Кроме этого, в Леноре присутствует мотив опасности общения живых с мертвыми. Ср. страх перед мертвыми, характерный для „примитивных“ ритуально-мифологических систем. „Общение“ с мертвыми в них расценивается как опасное [191] . Опасность хтонической стихии (мира мертвых), проникающей в форме хтонических существ или душ умерших на поверхность организованного (верхнего) бытия определяется прежде всего этой внутренней „неукрепленностью“ земного мира и энтропическим „качеством“ мира мертвых как мира, в котором энтропический процесс достигает своего предела и делается разъедающим бытие началом.
191
О страхе перед мертвыми см.: J. G. Frazer, La paura dei morti…, cit.; о культе умерших см.: E. Rohde, Cit.; что касается опасности отношений с миром нежити на материале славянской мифологии см.: В. Н. Топоров, Неомифологизм в русской литературе начала XX века. Роман А Кондратьева «На берегах Ярыни», Trento 1990, сс. 67-132.
Амбивалентность хтонической стихии (Кормилица-хаос) определяет двойственное значение ритуала: «на ритуал ориентировано и его структурой и ходом развития мотивировано основоположное развитие двух видов „священного“ — позитивно-открытого и негативно-закрытого» [192] . Последнее «грозит опасностью», а посему «в отношении такого „священного“ человеку следует соблюдать осторожность, удаляться [курсив наш. — . E.] от него» [193] . Хтоническая сфера и есть такое „священное“, от которого следует удаляться. Но поскольку полное отделение от него невозможно, всякий контакт с ним ритуально ограничивается; неритуальное „соприкосновение“ с хтонической (подземной) стихией ведет к фатальным трагическим последствиям (ср. миф о наказании Пирифоя, отправившегося в преисподнюю за Персефоной).
192
В. . Топоров, О ритуале…, цит., с. 36.
193
Там же.
Сюжет Леноры, таким образом, определяется ритуальными мотивами: с одной стороны, это — опасность контакта с миром мертвых, и с другой — неизбежность фатального заключения всякого неритуального с ним контакта.
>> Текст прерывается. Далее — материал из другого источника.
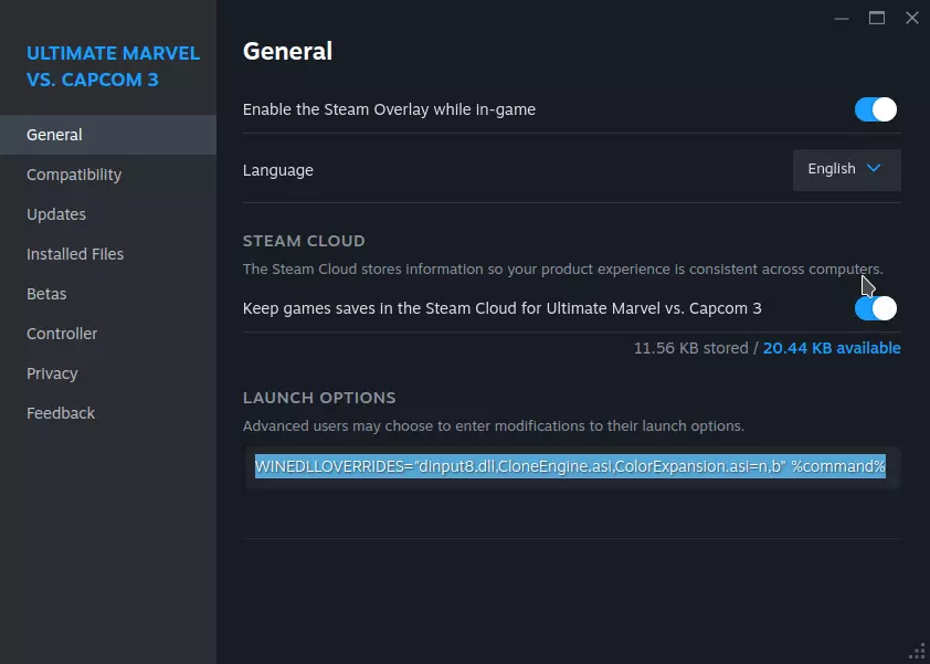 在【常规】>【启动选项】中,复制粘贴以下内容:WINEDLLOVERRIDES="dinput8.dll,CloneEngine.asi,ColorExpansion.asi=n,b" %command%

Продолжая ритуальную интерпретацию сюжета, можно сказать, что он „отражает“ определенную стадию архаического мировосприятия, для которого не существует герметической закрытости обоих миров (нижнего и верхнего). Духи земли как бы просачиваются на поверхность через незакрытые еще „трещины“ земной коры, проникая в мир живых. Живой, отправляющий в преисподнюю, имеет возможность хотя бы на какое-то время оживить тени мертвых (ср. нисхождение Одиссея в Аид); мертвый, который „вторгается“ в надземный мир, может только сделать мертвым живого [194] , представляя ту часть оппозиции, которая стремится снять противоположность, но может сделать это только через уподобление себе другой части, т. е. через ее умертвление [195] .
194
Ср. у Фрэзера: «Человек боится их [духов мертвых. — . Е.], потому что инстинктивно чувствует, что они ангелы смерти, которые парят над ним, готовые схватить его душу и унести ее в неизвестный загробный мир» (La paura dei morti… cit., р. 24). Соотстветствует ли это красочное описание действительным переживаниям „дикаря“, судить не решаемся (критика теории и метода работы Фрэзера см. в E. E. Evans-Pritchard, Theories of Primitive Religions, London 1965), но в отношении „олитературенных“ фольклорных сюжетов оно представляется вполне правдоподобным.
195
Ср. у Фрэзера: «Они думают, что умерший с сожалением оставляет землю, и, оплакивая свою участь, желает разделить свою судьбу с другими. Поэтому он попытается унести с собой в могилу душу (субстанцию) живых, причиняя таким образом им смерть» (La paura dei morti…, cit., pp. 23-24).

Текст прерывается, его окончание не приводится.